首先定义一些变量,likely_buggy 标志服务器是否可能出现 crash。

  int n;
  u8 likely_buggy = 0;
  struct sockaddr_in serv_addr;
  struct sockaddr_in local_serv_addr;

如果存在清除脚本,则执行,一般用来清除执行服务端所产生的痕迹。

  //Clean up the server if needed
  if (cleanup_script) system(cleanup_script);

等待服务器初始化:

  //Wait a bit for the server initialization
  usleep(server_wait_usecs);

清除缓冲区并充值缓冲区大小:

  //Clear the response buffer and reset the response buffer size
  if (response_buf) {
    ck_free(response_buf);
    response_buf = NULL;
    response_buf_size = 0;
  }
 
  if (response_bytes) {
    ck_free(response_bytes);
    response_bytes = NULL;
  }

创建 TCP/UDP 套接字:

  //Create a TCP/UDP socket
  int sockfd = -1;
  if (net_protocol == PRO_TCP)
    sockfd = socket(AF_INET, SOCK_STREAM, 0);
  else if (net_protocol == PRO_UDP)
    sockfd = socket(AF_INET, SOCK_DGRAM, 0);
 
  if (sockfd < 0) {
    PFATAL("Cannot create a socket");
  }

设置超时时间,这里的 socket_timeout_usecs 默认为 1000 也就是 1000us=1ms,按照作者注释,不设置的话,如果服务器在处理完所有请求后仍然处于活动状态则会导致巨大延迟。

  //Set timeout for socket data sending/receiving -- otherwise it causes a big delay
  //if the server is still alive after processing all the requests
  struct timeval timeout;
  timeout.tv_sec = 0;
  timeout.tv_usec = socket_timeout_usecs;
  setsockopt(sockfd, SOL_SOCKET, SO_SNDTIMEO, (char *)&timeout, sizeof(timeout));

设置目标服务器的端口:

  memset(&serv_addr, '0', sizeof(serv_addr));
 
  serv_addr.sin_family = AF_INET;
  serv_addr.sin_port = htons(net_port);
  serv_addr.sin_addr.s_addr = inet_addr(net_ip);

设置本地测试端的端口。
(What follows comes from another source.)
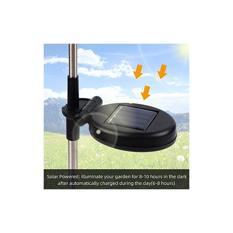 - ASSEMBLE EASILY: Complete with detailed instructions. These solar garden lights can be done in a few minutes. Just connect the stainless steel parts and stake into the soft ground where there has direct sunlight. In stormy weather, please keep the solar lights indoor to avoid damaging the solar panels.

有些服务(例如 Kamailio SIP)只会发送给特定的端口,也正因如此,AFLNet 提供了 -l 参数指定端口。

  //This piece of code is only used for targets that send responses to a specific port number
  //The Kamailio SIP server is an example. After running this code, the intialized sockfd 
  //will be bound to the given local port
  if(local_port > 0) {
    local_serv_addr.sin_family = AF_INET;
    local_serv_addr.sin_addr.s_addr = INADDR_ANY;
    local_serv_addr.sin_port = htons(local_port);
 
    local_serv_addr.sin_addr.s_addr = inet_addr("127.0.0.1");
    if (bind(sockfd, (struct sockaddr*) &local_serv_addr, sizeof(struct sockaddr_in)))  {
      FATAL("Unable to bind socket on local source port");
    }
  }

连接服务端,如果没有连接上则等待一段事件后多次尝试:

  if(connect(sockfd, (struct sockaddr *)&serv_addr, sizeof(serv_addr)) < 0) {
    //If it cannot connect to the server under test
    //try it again as the server initial startup time is varied
    for (n=0; n < 1000; n++) {
      if (connect(sockfd, (struct sockaddr *)&serv_addr, sizeof(serv_addr)) == 0) break;
      usleep(1000);
    }
    if (n== 1000) {
      close(sockfd);
      return 1;
    }
  }

发送数据

首先接受一次数据,这是为了处理刚连上服务端的时候服务端发来的一些消息,如果出现问题则会跳转到 HANDLE_RESPONSES

  //retrieve early server response if needed
  if (net_recv(sockfd, timeout, poll_wait_msecs, &response_buf, &response_buf_size)) goto HANDLE_RESPONSES;

循环发送数据

接下来循环发送保存在 kl_messages 中的数据。一些变量的含义:

  • messages_sent:已发送的消息数量
  • kl_messages:保持待发送消息的链表
  //write the request messages
  kliter_t(lms) *it;
  messages_sent = 0;
 
  for (it = kl_begin(kl_messages); it != kl_end(kl_messages); it = kl_next(it)) {
    n = net_send(sockfd, timeout, kl_val(it)->mdata, kl_val(it)->msize);
    messages_sent++;

在接收前重置 [[00-notes/00-fuzz/AFLNet/source-code/afl-fuzz.c/aflnet-specific-vars#response_bytes|response_bytes]]。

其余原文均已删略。